In copper cookware the copper is coated, the part that touches food isn't copper

[–] KnilAdlez@hexbear.net 20 points 4 days ago

Generally those are lined with something to prevent a harmful amount of copper leaching. That being said, if they are not treated correctly, the lining can come off and then they would become dangerous. I use ceramic copper pans and I have felt no ill effects yet, but I am very careful with how I cook with them and clean them.

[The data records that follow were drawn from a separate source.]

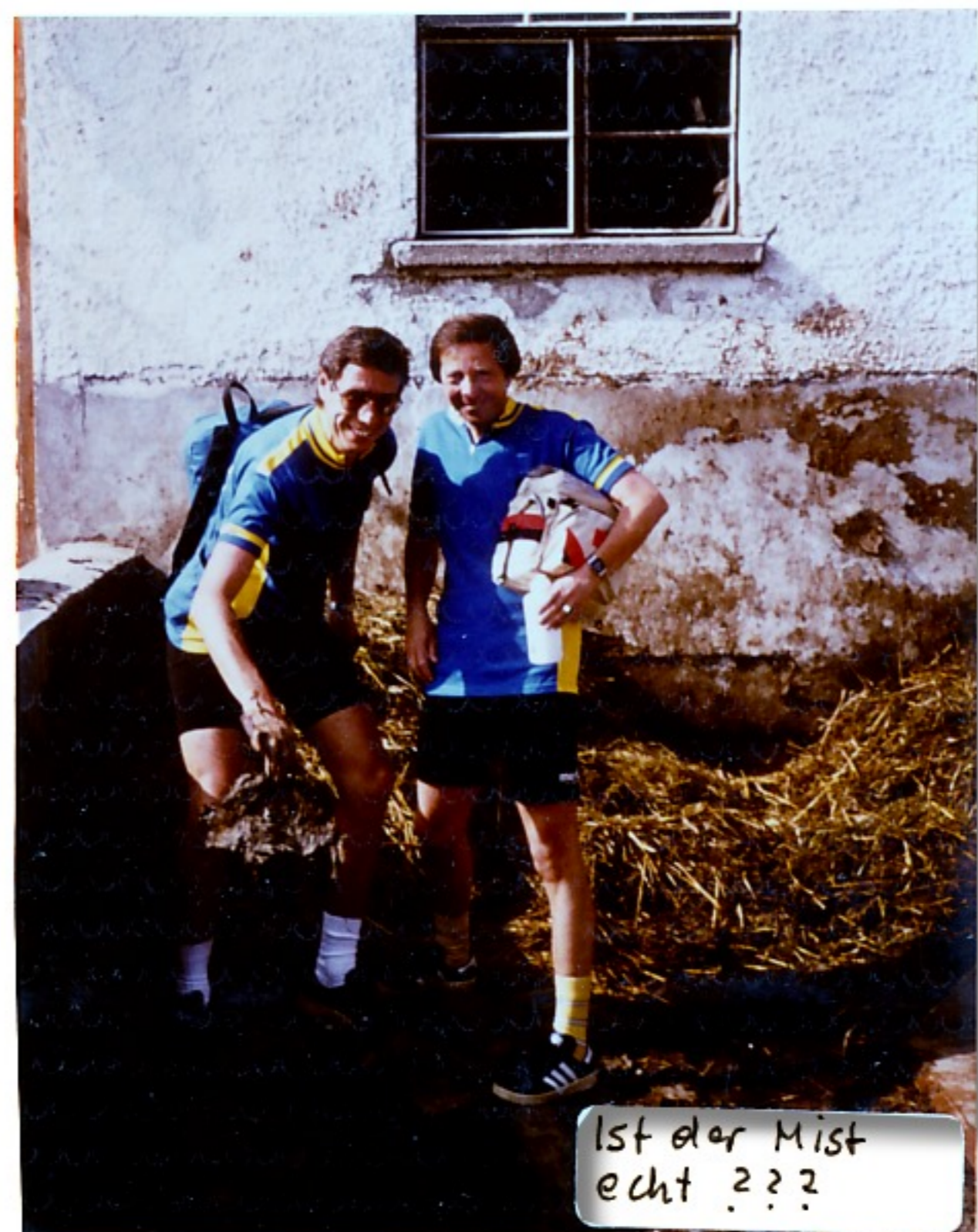
Ist der Mist echt ???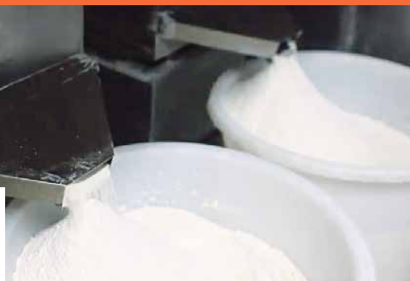
■ Мука используется самого высшего качества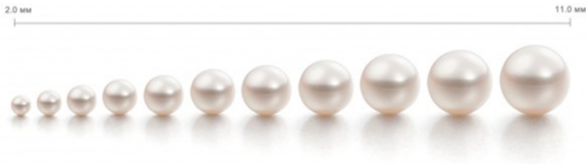
рис. размеры жемчуга Акойя

Эта культивированная жемчужина выращивается в китайских и японских водах (в основном, в Южной Японии). Жемчужины Акойя круглые, по цвету природные оттенки этого вида жемчуга могут быть теплыми и холодными от голубого, кремового до нежно-розового. Размер жемчужин различается от 2 до 11 мм. Самый известный бренд, продающий данный жемчуг — Микимото и как правило этот жемчуг используется в ювелирном деле, т.к. жемчуг Акойя обладает премиальной ценой (что обусловлено низким уровнем выживания устриц Акойя и сложностью культивирования).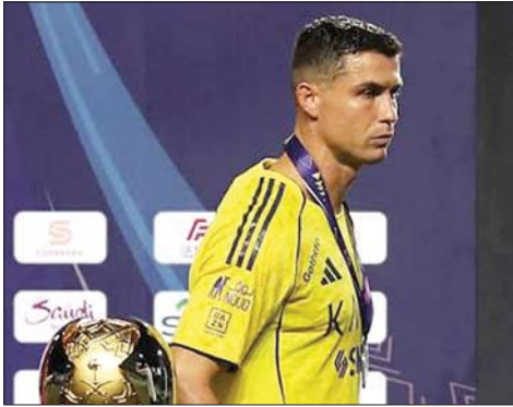
رونالدو الخاسر الأكبر

أحد أكثر المنتخبات تنوعاً باللعب العالم منذ نسخة ٢٠١٠. وحسب شبكة "أوبتا"، يعد هذا أعلى رقم بين جميع المنتخبات خلال هذه الفترة، متقدماً على الأرجنتين وبلجيكا وألمانيا وأوروغواي، التي حققت كل منها ٤ انتصارات بهذه النتيجة.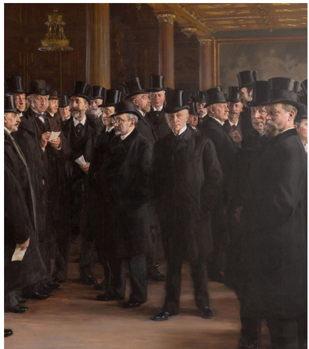
Fig. 2: C.F. Tietgen, der kigger direkte på beskueren, og mange andre af tidens finansmænd på Børsen. Mændene er iført diplomatsæt. Fra Københavns Børs. Maleri af P.S. Krøyer, 1895.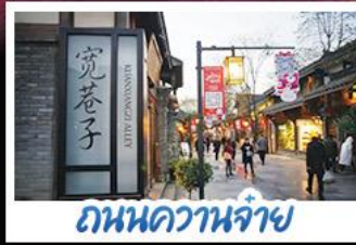
ถนนชุนซีลู่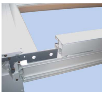
Aggancia il binario della guida.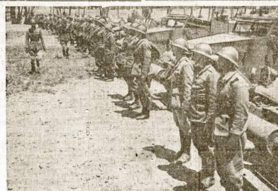
Amerikos karo reikmenys kiti prisiusti francūzams Afrikoje. Siuntinyje yra tankų, orlaivių, įvairaus kalibro kanonių ir daugybė šovinių. Laikinoji francūzų vyriausybė efermoniajai priima Amerikos dovaną, kurią jie tinkamai panaudos kovoje prieš fašistinius banditus.

Lietuviškas Žydūkas 3529 S. Halsted Street Phone Yards 6054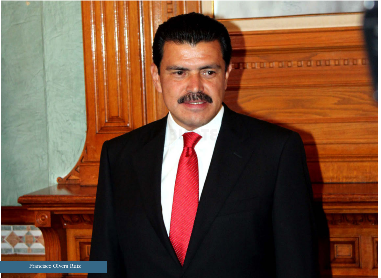
Francisco Olvera Ruiz

El 4 de julio de 2010 se llevaron a cabo elecciones estatales donde Francisco Olvera Ruiz resultó el gobernador electo.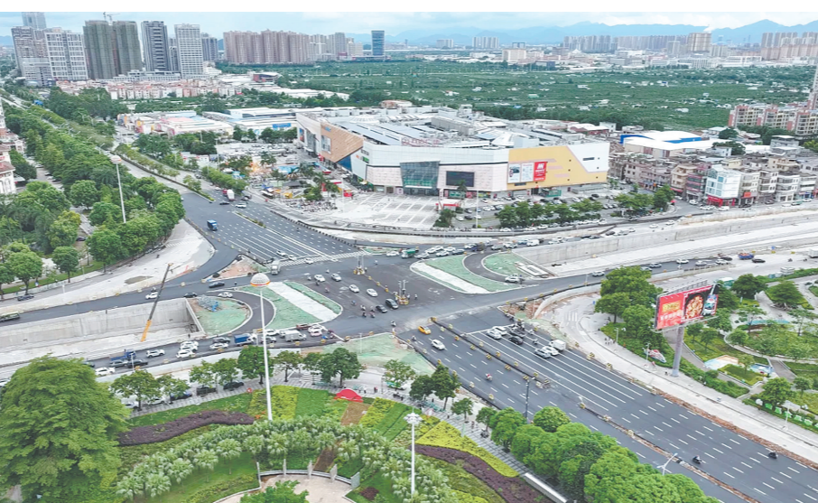
国道G240新会大道段启超隧道上方南北互通道路试通行。

接下来,各参建单位将持续加大施工投入,严把工程安全关、质量关,全力推进国道G240新会段后续工程建设,力争早日实现全线贯通目标。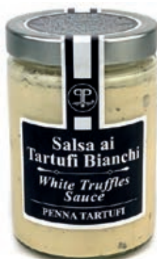
TAR300 SALSA TARTUFO BIANCO 5% GR 500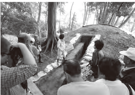
竹原古墳発掘調査現地説明会

平成29年3月定例会において議決を得た民事調停対象者5名は、4名が申立て前に納付されたため、残りの1名に對し、平成29年4月14日に直方簡易裁判所に民事調停の申立てを行ったところ、調停が成立しています。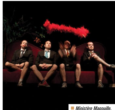
■ Ministère Magouille.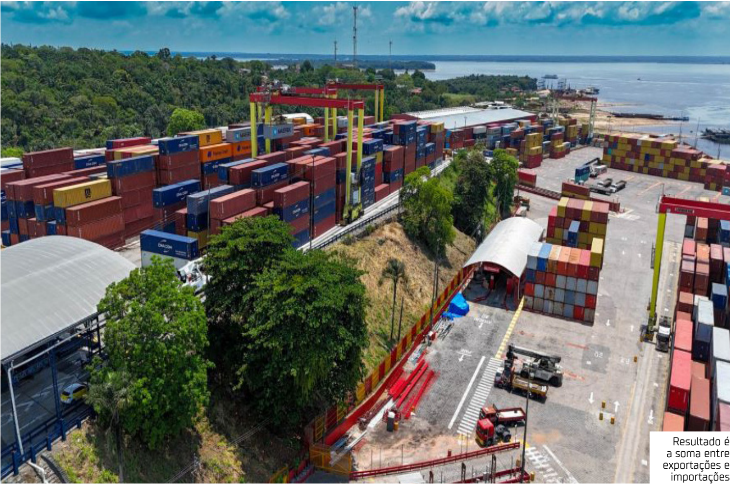
Resultado é a soma entre exportações e importações

Os Estados Unidos figuraram como o segundo maior parceiro de importações do Amazonas. O destaque foi o produto “Copolímeros de etileno e alfa-olefina, de densidade inferior a 0,94”, que atingiu US$ 35,52 milhões, 30,38% do total importado dos EUA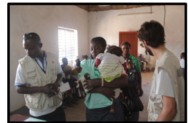
Triaje de pacientes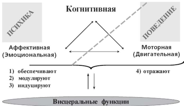
Рис. 1–4. Связь психики, поведения и висцеральных функций у человека и животных

неожиданны для непосвященного. Например, тема диссертации великого отечественного психиатра В. М. Бехтерева «Опыт клинического исследования температуры тела при некоторых душевных заболеваниях» (1881). 11 Многие психические состояния, в том числе и болезненные, характеризуются особой температурной кривой, т. е. измерение температуры помогает уточнить диагноз. Это пример первого аспекта психосоматического взаимодействия: висцеральные реакции отражают психические процессы.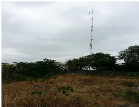
Figura 3. 2: Sitio de trabajo de campo

Los impactos sobre el medio socioeconómico son de bajo a moderado volumen e importancia y están asociados con eventos permanentes de la operación entre los que se incluye la generación de radiación electromagnética, ruido temporal, descargas eléctricas, movimiento de vehículos en actividades de mantenimiento y control, que podrían afectar a la población del área. A continuación vemos las figuras 3.2 y 3.3 del sitio de trabajo de campo.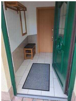
Eingang zur Ferienwohnung 52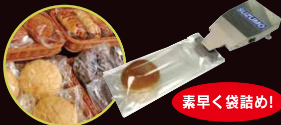
ペーカリー袋開口機・ペーカリー袋 &パン袋詰め実演コーナー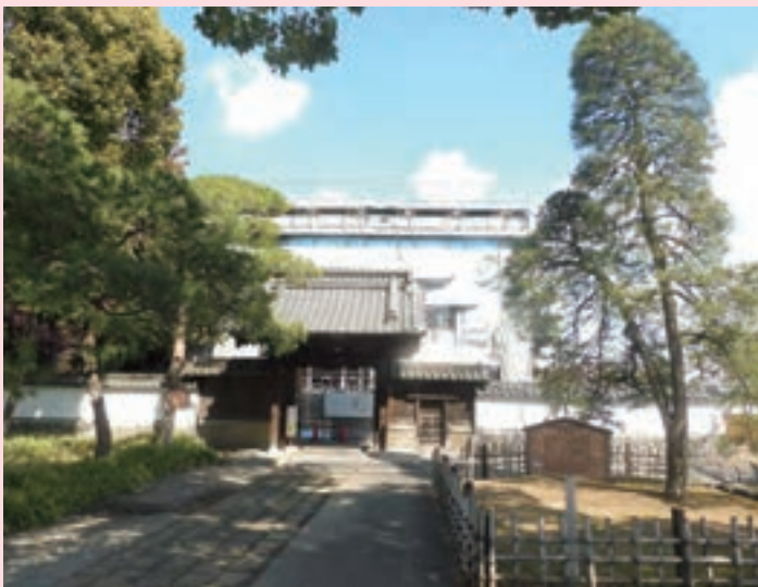
大成殿保存修理工事(外観)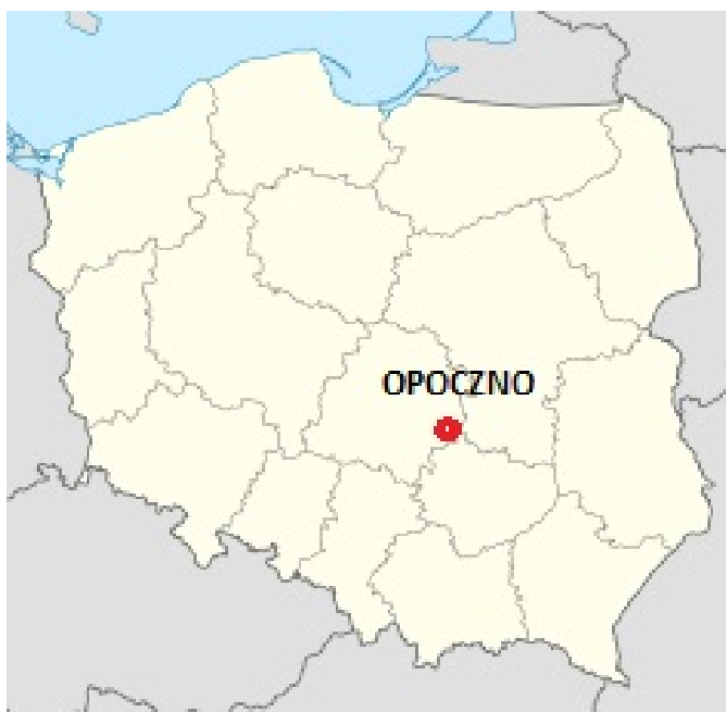
Mapa 1. Położenie gminy Opoczno na tle mapy Polski

Jej rozciągłość południkowa wynosi 20,2 km a równoleżnikowa 19,0 km.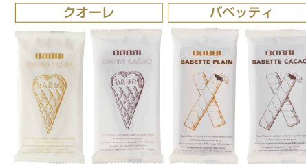
プレーン カカオ プレーン カカオ

幾重にも重ねた薄いクレープ生地が生み出す繊細な食感と香り高く飽きのこない美味しさが魅力のBABBIオリジナル焼菓子。アイスクリームにディップして一緒に楽しむのもおすすめです。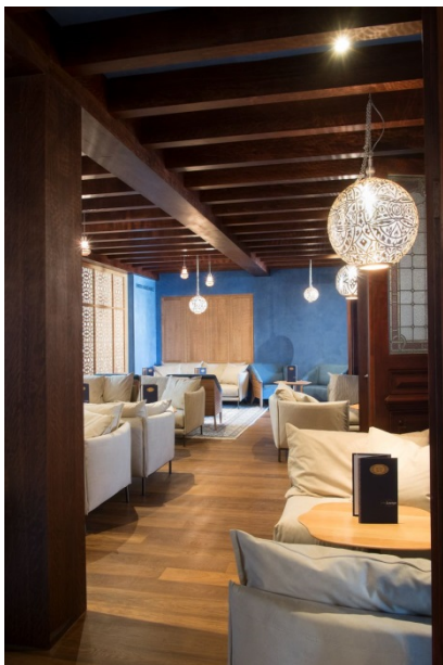
LE TRAIN BLEU PARIS GARE DE LYON : UN LIEU PARISIEN MYTHIQUE ENTIEREMENT RENOVE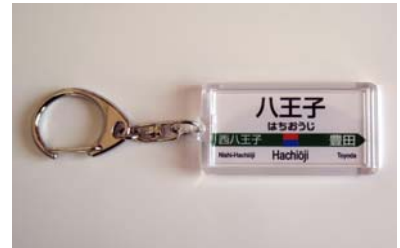
駅名キーホルダー(イメージ)

上記の他、今後もキャンペーンの一環として、記念旅行商品の発売やイベントを実施します。詳しくは、決まり次第お知らせします。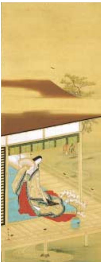
(図2)勝川春章《雪月花 花》 天明(1781-1789)頃 寺島文化会館蔵

龍襦袢の花魁」はゴッホが模写したことで有名な作品です。ゴッホは版画を直接模写したわけではなく、雑誌『バリ・イリュストレ』の表紙に載った図を写したのですが、その表紙の図が裏焼だったため、花魁が逆向きになっています。ゴッホは「タンギー爺さん」(ロダン美術館蔵)の背景に「雲龍襦袢の花魁」を描いた他、「花魁(英泉を模して)」(ファン・ゴッホ美術館蔵)という作品も残しています。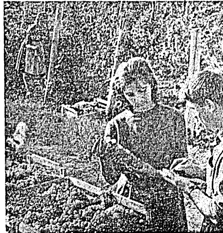
La gospodăria agricolă de stat Gaz recolta de struguri din acest an este bogată. Lucrătorii gospodăriei acordă multă atenție culesului strugurilor.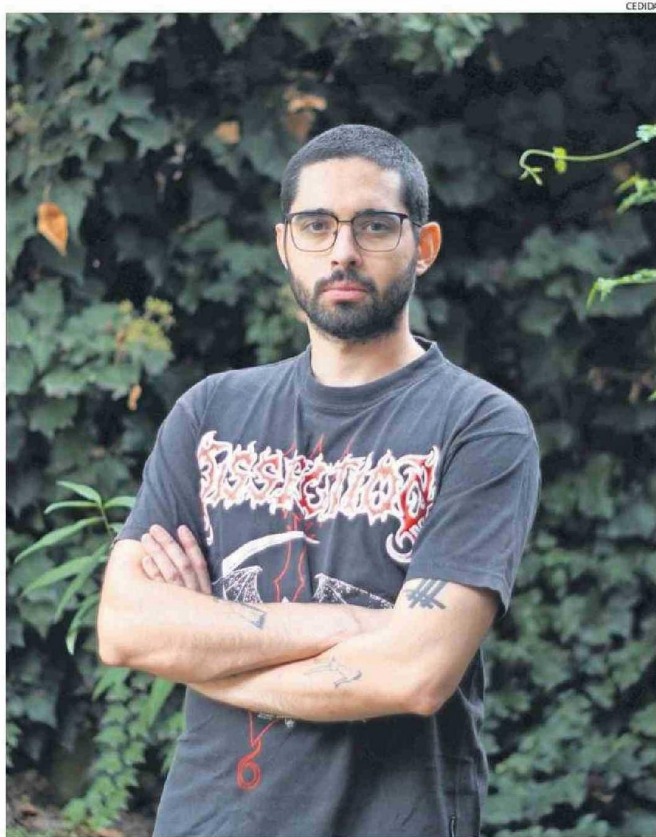
"ME PARECIÓ UN DEBER PUBLICAR ALGO PARA QUE SE HABLE DEL TEMA" SALUD MENTAL, DICE EL AUTOR.

— Afortunadamente soy independiente, no tengo que darle explicaciones a nadie y para mí es un tema súper importante: así como hay gente que tiene la bandera de lucha de los pueblos indígenas u otra causa, mi bandera es la salud mental, y tengo el privilegio de que se me da la escritura, que sé mucho del tema y me pareció más bien un deber publicar algo para que se hable del tema. (Aunque) a veces hablan mucho, pero no ha-

[–] ragebutt@lemmy.dbzer0.com 2 points 3 days ago

Metallic copper is safe (otherwise residential water pipes would be a terrible idea) but the salt form is not

The issue is that heat + something reactive can make salts. Copper sulfate from cooking onions for example. As a result copper pans are typically lined with a thin layer of a nonreactive metal like tin. This makes them both ridiculously expensive AND impractical because when the tin layer starts to wear away you have to get it re-tinned. This can be done at home but the bougie person with all copper cookware generally isn’t going to do that

Obviously cookware with “copper layers” embedded doesn’t have that drawback but this is marketing nonsense for the most part. “Better heat transfer” may be technically true but people have been cooking fantastic food on carbon steel pans for like 100 years and cast iron since the Han dynasty. If someone needs fancy cookware over a $30 pan it’s a skill issue

As you said cast iron does leech as well but it leeches dietary iron, which for most people is beneficial. Seasoning layer does not prevent this.